Following my article about customer satisfaction as a third commitment, I read many articles and thought a little bit about this fixed-price thing. Actually it’s quite funny because the software development industry is about 30 years old at least, and it seems we are just starting to wonder why fixed-price projects don’t work with software the way it works in other industries. And I really think it all started with the Agile Methodology hype because now we’re trying to be pragmatic, we’re trying to embrace the constraints of software development instead of hiding them under the carpet. And one of those constraints is this damn iron triangle.
It’s funny to see how people hold on to it, including both customers and salespersons. It’s like they don’t dare to change it. It’s like they are afraid of changing this model. The problem is that each commitment in this triangle involves a substancial risk that no one is willing to take. But what I realized a few minutes ago after reading this very interesting article is that the reason why it’s really not working is because we’re definitely trying to force a cube into a triangle hole! There’s a commitment we’re constantly forgetting: quality! Whether you like it or not, quality is not something implicit, it’s not even related to the developers on the project.
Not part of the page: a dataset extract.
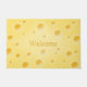 This is a portrait of a beautiful creamy Swiss Cheese with many holes or "eyes." Feel free to customise this doormat with your own greeting such as your family name. language. This doormat was designed to be able to fit a longer versions of "Welcome" in other languages such as German.
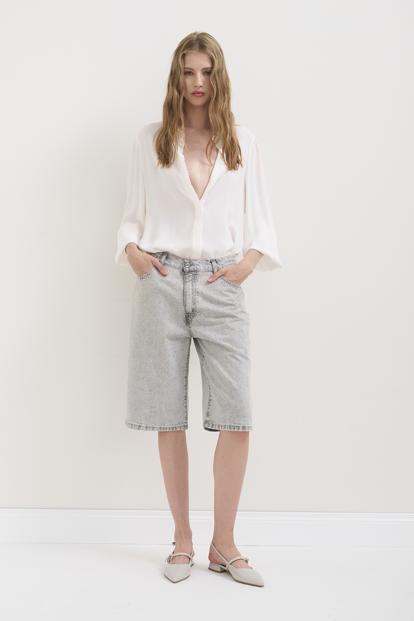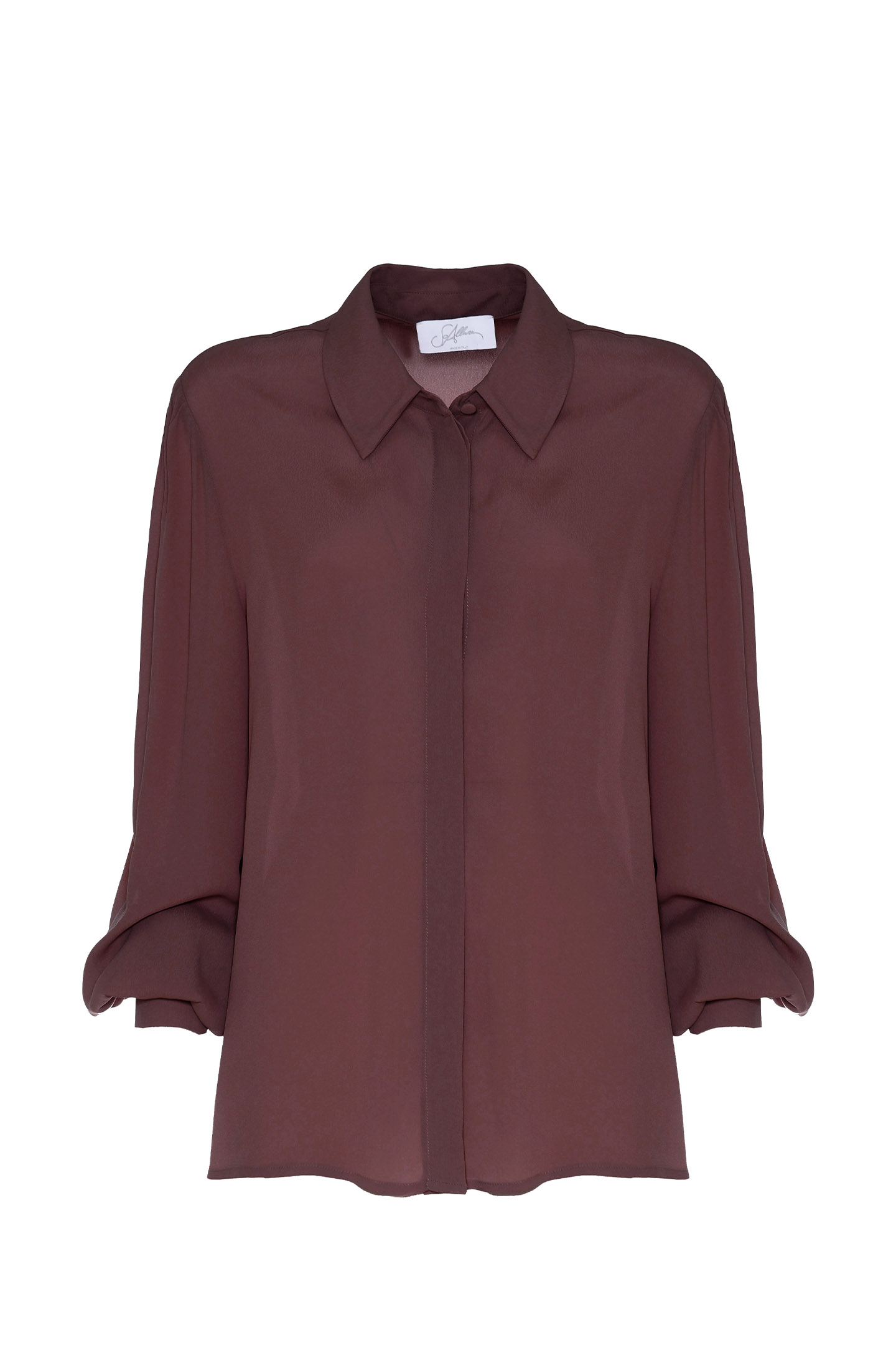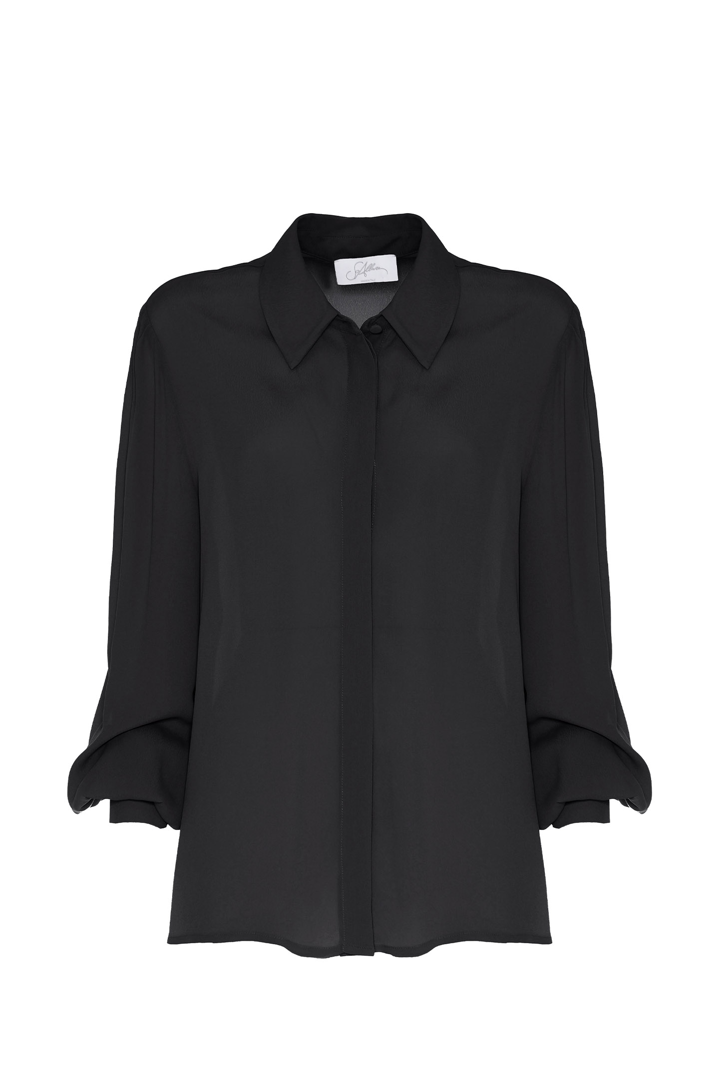 CAMICIA IN PURA VISCOSA DALLA LINEA FLUIDA. MODELLO CON COLLO CLASSICO E ABBOTTONATURA NASCOSTA. PRESENTA AMPIE MANICHE LUNGHE RIFINITE DA POLSINI ABBOTTONATI. IL TESSUTO FLUIDO DONA COMFORT E UNA CADUTA NATURALE, PERFETTA PER LOOK ELEGANTI O CASUAL RAFFINATI. LA MODELLA È ALTA 1.78 M E INDOSSA UNA TAGLIA 42 IT.

Every experienced developer knows that you can’t code with quality, you have to test it.
My father has been working in a car gearbox factory for over thirty years and I’ve worked there during a month as a summer job when I was a student. And my father is a gearbox tester: a box comes in, it’s set up on the bench, my father goes through first, second, third, fourth, fifth and back down, he listens to the noise that the gearbox is making, and if there’s a problem, it goes back to repair. He does that when the box is finished and the proportion of bad boxes is pretty low, because quality is enforced all through the production line by very careful processes that involve as less intelligence as possible. That’s one or the reasons why robots replace human beings in those factories. Because robots don’t think of their kids or dream of their wife. They just do what they were told to.
Do you really think that this kind of quality can be enforced on a software development project? Of course not! It’s far too intellectual and creative to allow such low-level considerations. And yet I’ve heard tens of times this stupid expression: “software process industrialization”. Come on!
The truth is that the only way to enforce quality on a software project is to test it permanently. To test it automatically, functionnally. To test robustness, scalability, reliability, security, performance. And of course you have to review a lot to ensure that the code remains readable, maintainable and flexible. Software quality can be all of that, and enforcing all those aspects is very time-consuming. It takes some time and some special resources as well. You can’t just forget about that.
So we’re left with four risks: scope, budget, resources… and quality, leading us to four commitments to force into our contracts, right? Wrong! Because there’s something that we’re forgetting: those 4 constraints are changing over time. So here we are, trying to force a irregular and mutating cube into a predetermined and unmodifiable triangle hole. And customers still wonder why it doesn’t work?